◆ DATA EXTRACT:
* * * * * * *

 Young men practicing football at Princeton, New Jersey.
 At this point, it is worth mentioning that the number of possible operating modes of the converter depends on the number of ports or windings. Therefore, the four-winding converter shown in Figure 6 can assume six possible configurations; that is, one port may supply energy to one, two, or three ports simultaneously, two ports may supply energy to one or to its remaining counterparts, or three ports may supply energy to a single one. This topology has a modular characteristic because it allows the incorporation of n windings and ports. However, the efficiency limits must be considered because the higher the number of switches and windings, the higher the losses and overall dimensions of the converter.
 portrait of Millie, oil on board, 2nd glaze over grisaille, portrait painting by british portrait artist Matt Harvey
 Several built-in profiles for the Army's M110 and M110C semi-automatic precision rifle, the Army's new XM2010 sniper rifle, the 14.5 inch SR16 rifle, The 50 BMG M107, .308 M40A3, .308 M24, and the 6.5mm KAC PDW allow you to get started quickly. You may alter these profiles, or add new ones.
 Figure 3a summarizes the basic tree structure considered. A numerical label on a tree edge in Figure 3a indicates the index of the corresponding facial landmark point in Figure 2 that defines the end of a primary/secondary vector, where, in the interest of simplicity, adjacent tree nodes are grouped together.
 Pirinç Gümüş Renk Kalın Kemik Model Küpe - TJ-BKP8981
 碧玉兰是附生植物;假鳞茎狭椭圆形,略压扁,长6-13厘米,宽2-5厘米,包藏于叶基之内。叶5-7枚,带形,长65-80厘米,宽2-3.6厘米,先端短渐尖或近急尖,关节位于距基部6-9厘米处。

* * * * * * *

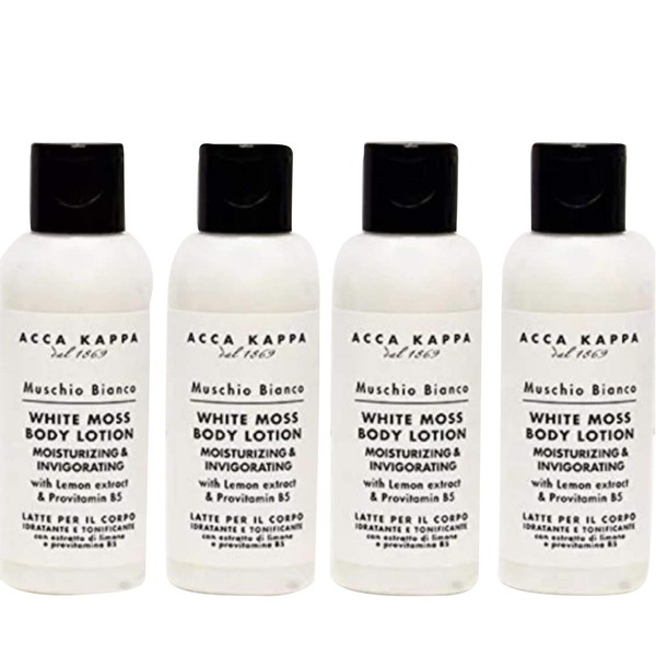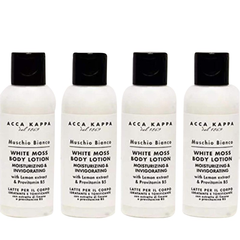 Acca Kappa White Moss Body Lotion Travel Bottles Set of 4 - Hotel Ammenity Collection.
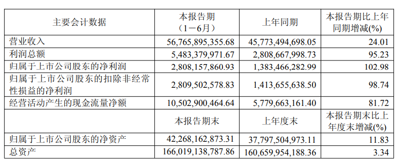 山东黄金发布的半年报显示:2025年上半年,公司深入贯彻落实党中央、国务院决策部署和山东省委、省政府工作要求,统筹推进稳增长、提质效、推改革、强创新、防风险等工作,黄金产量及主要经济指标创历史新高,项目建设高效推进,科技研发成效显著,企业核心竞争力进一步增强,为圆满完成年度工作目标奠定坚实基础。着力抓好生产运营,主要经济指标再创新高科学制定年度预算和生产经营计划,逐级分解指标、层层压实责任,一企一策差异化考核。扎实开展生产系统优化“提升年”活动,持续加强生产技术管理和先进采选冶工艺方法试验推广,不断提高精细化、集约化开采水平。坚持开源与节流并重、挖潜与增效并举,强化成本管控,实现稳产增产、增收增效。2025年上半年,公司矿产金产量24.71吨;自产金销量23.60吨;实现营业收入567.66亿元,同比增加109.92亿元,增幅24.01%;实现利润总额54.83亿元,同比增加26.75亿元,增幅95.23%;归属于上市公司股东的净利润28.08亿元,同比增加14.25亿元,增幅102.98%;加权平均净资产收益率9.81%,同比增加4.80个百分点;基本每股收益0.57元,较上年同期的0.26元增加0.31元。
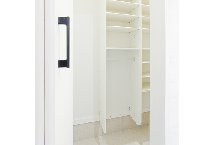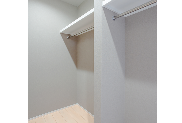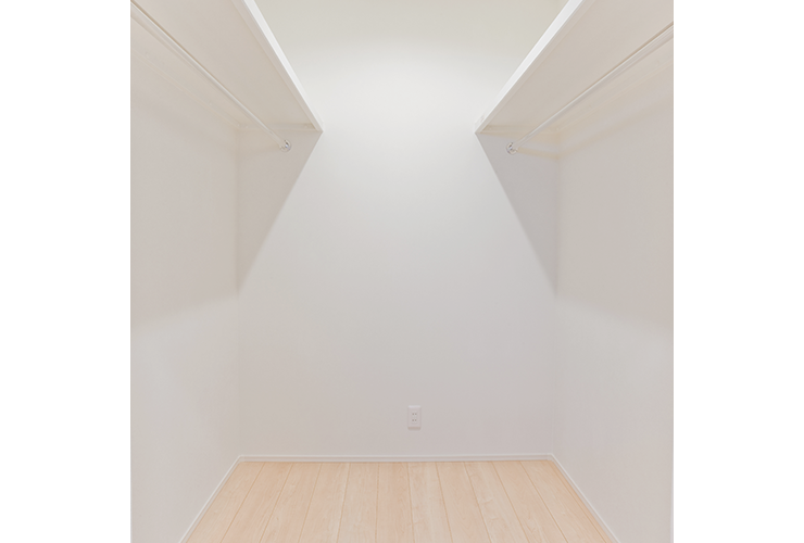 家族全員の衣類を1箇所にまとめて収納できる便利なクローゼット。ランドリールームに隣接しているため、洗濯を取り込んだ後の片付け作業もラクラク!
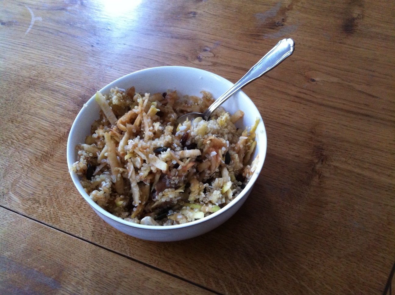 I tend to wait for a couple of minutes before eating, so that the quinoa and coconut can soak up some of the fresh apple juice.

* * * * * * *

◆ TASK DESCRIPTION: An exact copy is needed of the entries above, starting at the line that holds "Acca Kappa White" and stopping at the line that holds "I tend to wait", both kept; pictures stay out.

◆ WRITTEN RESPONSE:
 Acca Kappa White Moss Body Lotion Travel Bottles Set of 4 - Hotel Ammenity Collection.
 山东黄金发布的半年报显示:2025年上半年,公司深入贯彻落实党中央、国务院决策部署和山东省委、省政府工作要求,统筹推进稳增长、提质效、推改革、强创新、防风险等工作,黄金产量及主要经济指标创历史新高,项目建设高效推进,科技研发成效显著,企业核心竞争力进一步增强,为圆满完成年度工作目标奠定坚实基础。着力抓好生产运营,主要经济指标再创新高科学制定年度预算和生产经营计划,逐级分解指标、层层压实责任,一企一策差异化考核。扎实开展生产系统优化“提升年”活动,持续加强生产技术管理和先进采选冶工艺方法试验推广,不断提高精细化、集约化开采水平。坚持开源与节流并重、挖潜与增效并举,强化成本管控,实现稳产增产、增收增效。2025年上半年,公司矿产金产量24.71吨;自产金销量23.60吨;实现营业收入567.66亿元,同比增加109.92亿元,增幅24.01%;实现利润总额54.83亿元,同比增加26.75亿元,增幅95.23%;归属于上市公司股东的净利润28.08亿元,同比增加14.25亿元,增幅102.98%;加权平均净资产收益率9.81%,同比增加4.80个百分点;基本每股收益0.57元,较上年同期的0.26元增加0.31元。
 家族全員の衣類を1箇所にまとめて収納できる便利なクローゼット。ランドリールームに隣接しているため、洗濯を取り込んだ後の片付け作業もラクラク!
 I tend to wait for a couple of minutes before eating, so that the quinoa and coconut can soak up some of the fresh apple juice.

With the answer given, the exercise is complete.